The polyamide 56 fiber of one embodiment of the present disclosure can be produced using conventional spinning equipment for polyamide 6 and polyamide 66, without the need to renovate the spinning equipment. By optimizing the quality and spinning process of the polyamide 56 fiber resin, the production yield can be improved.

The polyamide 56 fiber of one embodiment of the present disclosure has good mechanical properties, dimensional stability, moisture absorption, and dyeing performance, and a good dulling effect when applied to knitted or woven fabrics.

One embodiment of the present disclosure provides use of the aforementioned polyamide 56 fiber in knitted or woven fabrics. Wherein, the polyamide 56 fabric may have a light transmittance of 50% or less, preferably 48% or less, more preferably 35% or less, and even more preferably 30% or less.

In one embodiment, the polyamide 56 fiber has high strength, softness, moisture absorption, bulkiness (crimp stability), good dyeability and dulling performance, making it more suitable for use in the knitwear and civilian clothing. The non-limiting examples of knitted and woven applications include underwears, shirts, suits, yoga clothes, down jackets, outdoor jackets, socks, suitcases and bags, curtains, shoe materials, embroidery thread, trademarks, sofa cloths, workwears, sportswears, and elastic bands, etc.

The fabric prepared from the polyamide 56 fiber of one embodiment of the present disclosure has good dulling performance, and the dulling effect is better than that of polyamide 6 fiber and polyamide 66 fiber when containing the same content of TiO₂. In addition, a lower content of TiO₂is required to be added when preparing polyamide 56 fabric with the same dulling effect, which can reduce the production cost.

The light transmittance of the semi-dull polyamide 56 fabric of one embodiment of the present disclosure may be 48% or less, the light transmittance of the full dull polyamide 56 fabric may be 33% or less, and the light transmittance of the ultra dull polyamide 56 fabric may be 25% or less.

EXAMPLES

The polyamide 56 resin, polyamide 56 fiber, and preparation method therefor in one embodiment of the present disclosure will be further described below in conjunction with specific examples. Among them, unless otherwise stated, all the raw materials used are commercially available, the details of the relevant tests involved are as follows; in addition, the parameters involved in the present disclosure are all measured according to the following method.

1) Fineness:

The fineness is determined according to GB/T 14343.
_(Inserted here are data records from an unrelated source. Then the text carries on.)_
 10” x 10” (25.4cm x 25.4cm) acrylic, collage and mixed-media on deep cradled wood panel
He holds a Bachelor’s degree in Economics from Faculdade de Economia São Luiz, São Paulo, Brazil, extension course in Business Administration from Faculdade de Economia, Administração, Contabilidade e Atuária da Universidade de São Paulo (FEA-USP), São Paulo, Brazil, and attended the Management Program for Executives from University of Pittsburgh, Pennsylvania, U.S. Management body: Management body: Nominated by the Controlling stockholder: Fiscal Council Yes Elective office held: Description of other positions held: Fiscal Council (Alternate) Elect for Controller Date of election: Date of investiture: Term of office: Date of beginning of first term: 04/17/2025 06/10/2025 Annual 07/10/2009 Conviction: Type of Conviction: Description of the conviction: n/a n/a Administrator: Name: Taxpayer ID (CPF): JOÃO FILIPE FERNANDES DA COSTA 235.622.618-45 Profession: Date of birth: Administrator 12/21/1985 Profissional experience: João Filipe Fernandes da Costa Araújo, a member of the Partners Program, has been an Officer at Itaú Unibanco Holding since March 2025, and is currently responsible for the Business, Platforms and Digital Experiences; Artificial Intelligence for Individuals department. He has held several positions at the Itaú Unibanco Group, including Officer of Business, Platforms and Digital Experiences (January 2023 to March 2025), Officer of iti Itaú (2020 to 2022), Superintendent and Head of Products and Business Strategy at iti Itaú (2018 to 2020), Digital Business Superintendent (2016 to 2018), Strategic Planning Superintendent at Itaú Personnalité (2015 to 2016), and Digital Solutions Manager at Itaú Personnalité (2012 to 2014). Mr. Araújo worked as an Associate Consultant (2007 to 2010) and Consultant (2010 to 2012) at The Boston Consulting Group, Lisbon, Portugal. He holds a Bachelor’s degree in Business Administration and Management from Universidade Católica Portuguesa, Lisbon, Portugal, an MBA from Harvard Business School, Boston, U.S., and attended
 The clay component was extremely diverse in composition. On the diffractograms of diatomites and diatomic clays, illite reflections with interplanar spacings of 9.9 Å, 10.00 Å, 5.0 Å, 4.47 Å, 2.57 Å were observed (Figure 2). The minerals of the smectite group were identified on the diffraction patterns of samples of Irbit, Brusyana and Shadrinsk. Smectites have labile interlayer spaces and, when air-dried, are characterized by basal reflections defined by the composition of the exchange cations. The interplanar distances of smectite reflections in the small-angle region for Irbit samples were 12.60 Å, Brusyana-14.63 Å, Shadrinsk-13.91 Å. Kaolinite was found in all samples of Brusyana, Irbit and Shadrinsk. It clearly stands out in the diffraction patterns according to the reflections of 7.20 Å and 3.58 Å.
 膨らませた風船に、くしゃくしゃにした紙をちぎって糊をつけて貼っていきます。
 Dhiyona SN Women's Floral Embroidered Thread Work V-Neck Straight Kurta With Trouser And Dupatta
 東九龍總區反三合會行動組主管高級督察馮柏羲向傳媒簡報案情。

2) Breaking strength and modulus

The breaking strength can be determined with reference to GB/T 14344˜2008, “Testing Method for Tensile of Man-made Filament Yarns”, under conditions of applying a pre-tension of 0.05±0.005 cN/dtex, a clamping distance of 500 mm and a drawing speed of 500 mm/min; modulus=breaking strength at 1% elongation at break×100.
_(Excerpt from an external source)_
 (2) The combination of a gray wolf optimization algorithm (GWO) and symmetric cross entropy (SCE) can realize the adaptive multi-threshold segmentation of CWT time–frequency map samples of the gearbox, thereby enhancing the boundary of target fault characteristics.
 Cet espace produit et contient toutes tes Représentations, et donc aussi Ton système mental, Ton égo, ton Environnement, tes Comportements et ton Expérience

3) The method for determining moisture regain includes placing the washed fiber in a loose state in an oven for drying, and then placing the oven-dried fiber sample in the standard atmosphere as specified in GB/T6529 for humidification to balance; conducting the moisture regain determination by the moisture regain determination method specified in GB/T6503 in an oven at an oven-drying temperature of 105° C. for oven-drying.

4) Shrinkage in boiling water

The shrinkage in boiling water is determined according to GB/6505, with a pre-tension of 0.05±0.005 cN/dtex.
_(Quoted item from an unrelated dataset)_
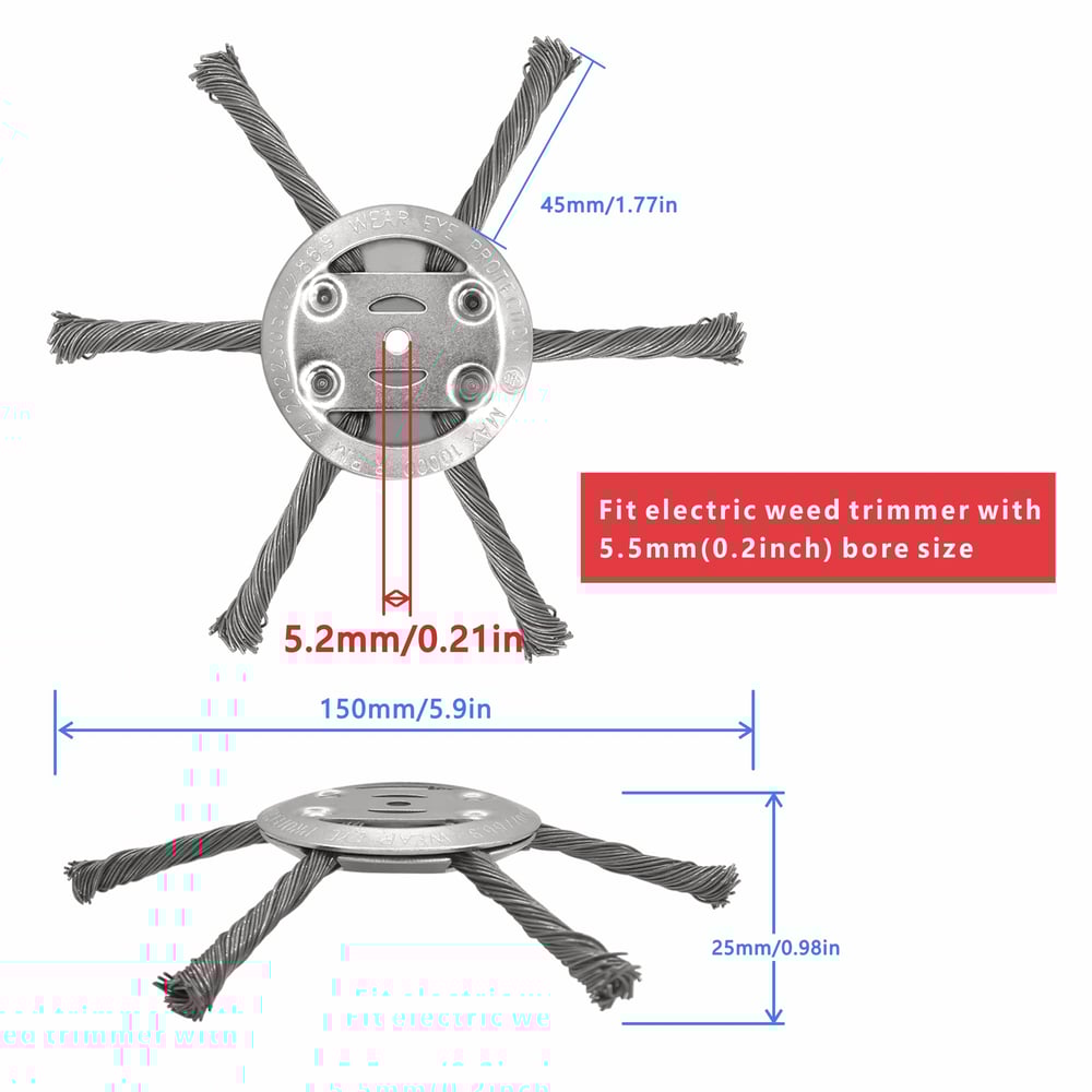 Mit diesem robusten Drahtbürstenkopf entfernen Sie mühelos Unkraut, Moos und Schmutz auf Einfahrten, Gehwegen und im Garten. Dank verdrehter Stahlborsten bietet der Aufsatz eine hohe Lebensdauer und starke Reinigungswirkung – ideal für Beton, Pflastersteine und Kieswege. Die einfache Montage passt auf alle gängigen Trimmer mit 5,5 mm Aufnahme.
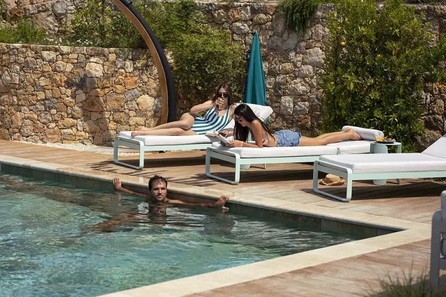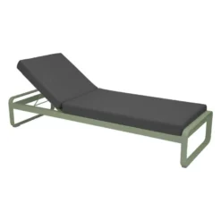 Het Bellevie ligbed kussen antraciet van Fermob is ontworpen door Pagnon en Pelhaître. Het ligbed heeft en lengte van 200 centimeter, een breedte van 74,5 centimeter en een hoogte van 38,5 centimeter tot 74,5 centimeter (de rugleuning is in hoogte verstelbaar). De lighoogte bedraagt 38,5 centimeter. Het ligbed frame is gemaakt van aluminium, afgewerkt met een poedercoating en het kussen is bekleed met een Sunbrella stof. Deze is waterafstotend, uv-bestendig en anti-vlek en -schimmel. Daarnaast droogt het kussen snel en is hij resistent tegen scheuren. Je kan de kussenhoes reinigen op een dertig graden was in de wasmachine. Je vindt het ligbed in verschillende kleuren.

5) Dyeing uniformity (grey scale)/grade:

The dyeing uniformity is determined according to FZ/T 50008 “Test method for dyeing uniformity of polyamide filament yarns”, under a condition of 98° C. for 30 minutes.

6) Moisture content of resin

The moisture content is determined by Karl-Fischer moisture titrator.

7) Crimp contraction and crimp stability: they are determined according to GB/T 6506˜2001, “Test method for crimp contraction properties of textured filament yarns”.

8) Soaping fastness

The soaping fastness is determined according to GB/T 3921.1˜1997.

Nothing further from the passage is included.